However, this position can’t be reconciled with the other key slogan of the SI “Power to the Workers” in the form of workers councils. Dauve is insightful in recognizing this as a key contradiction and problematic within both this text and the work of the SI. This call for workers councils, and its implicit support for the production of value, is in contradiction with (admittedly what I hazily remember of) Tronti’s “refusal of work” and later autonomist work such as John Holloway’s “Stop Making Capitalism”.

Ultimately this was a great text to start with, helping to situate Italian political thought in the 1970’s and bring to the fore some of the key questions which will be discussed over the course of this reading programme. Hopefully the physical group Stateside will find these virtual comments as interesting as I found theirs.


P.S. If anyone in Manchester, or the UK even, wants to join in reading with me get in touch.

P.P.S. I’ve attached some of the articles that I found discussing the Society of the Spectacle in the library section of the blog.

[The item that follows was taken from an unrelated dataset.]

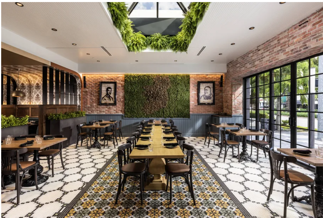
The newly added indoor "garden" at John Martin's complete with a sunroof.

two-story restaurant and bar has been redesigned by Bigtime Design Studios; the 7,000 square-foot venue pays homage to the original John Martin's while offering a more contemporary and family-friendly atmosphere. The space still features plenty of its original architectural elements, but it now showcases a black-and-white color scheme, a new indoor "garden," and a moss-covered brick wall bordered by portraits of the original founders John Clarke and Martin Lynch, who originally opened the bar on Miami's Miracle Mile in 1989 but are no longer involved with the restaurant.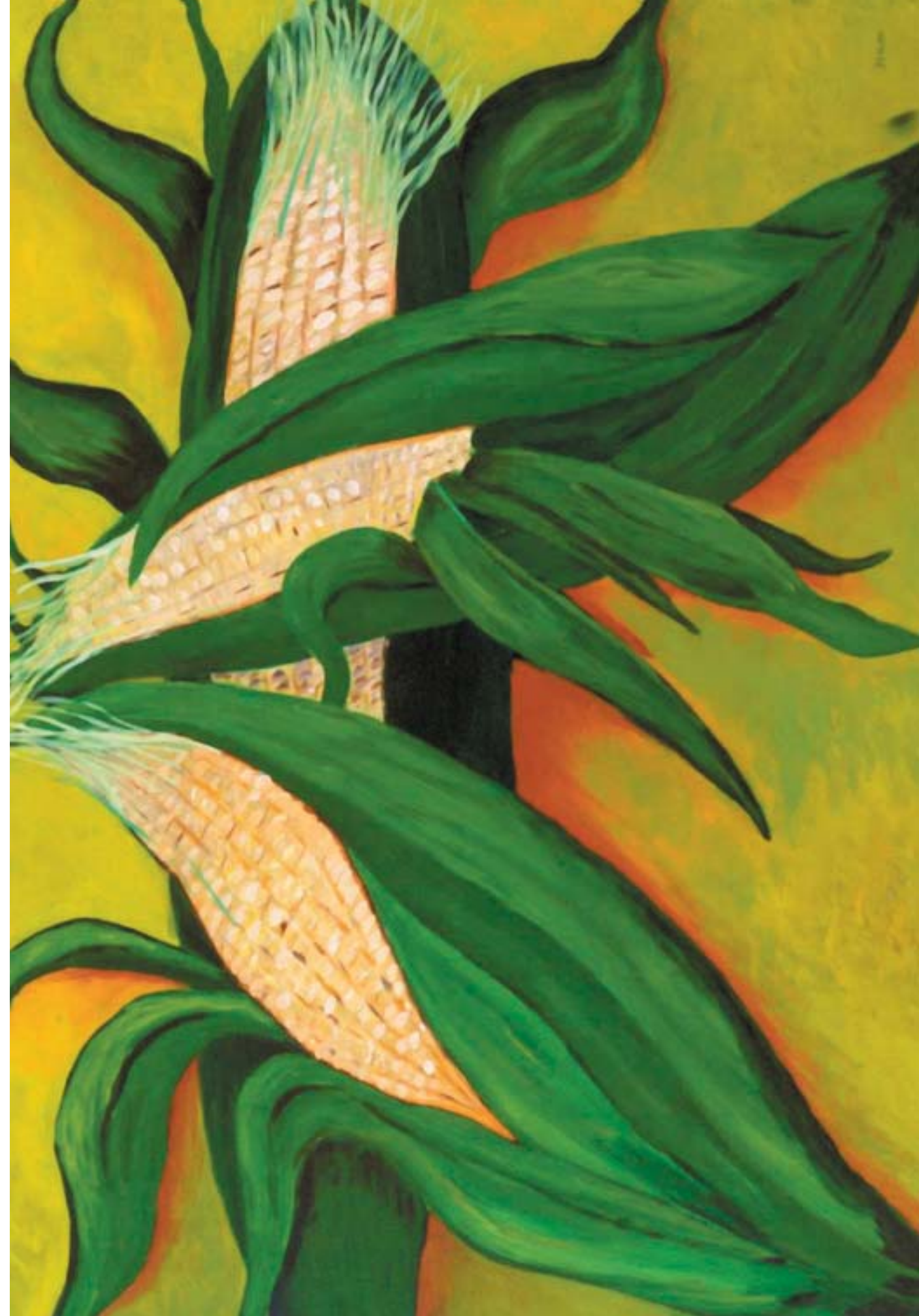
Mexican Corn (30x40, acrylic on canvas)

In a soup pot over medium heat, glaze the onions and potatoes in olive oil, then cook with the water until tender. Transfer to blender and puree. Return to pot and add fennel and cauliflower, along with chicken stock. Simmer until done and add salt, white pepper, and saffron. Garnish with fennel foliage.

Link can be found here.


Posted on February 2, 2011, in Reading Group and tagged , , , . Bookmark the permalink. 2 Comments.

  1. I am astonished that Dauve’s careless pseudo-critique of a straw man version of situationist theory that exists only in his imagination continues to win admirers. There is not the slightest contradiction between an opposition to work and the advocacy of workers councils. As Raoul Vaneigem put it in his ‘Notice to the Civilized Concerning Generalized Self-Management’, “Workers councils constitute a new type of social organization, through which the proletariat puts an end to the proletarianization of everyone. Generalized self-management is simply the general framework in accordance with which the councils unitarily inaugurate a style of life based on ongoing individual and collective liberation.” The same point is made at greater length in ‘On the Poverty of Student Life’:

    ‘The essence of commodity production is the loss of self in the chaotic and unconscious creation of a world totally beyond the control of its creators. In contrast, the radically revolutionary core of generalized self-management is everyone’s conscious control over the whole of life. The self-management of commodity alienation would only make everyone the programmers of their own survival — squaring the capitalist circle. The task of the workers councils will thus be not the self-management of the existing world, but its unceasing qualitative transformation: the concrete supersession of the commodity (that enormous detour in the history of human self-production).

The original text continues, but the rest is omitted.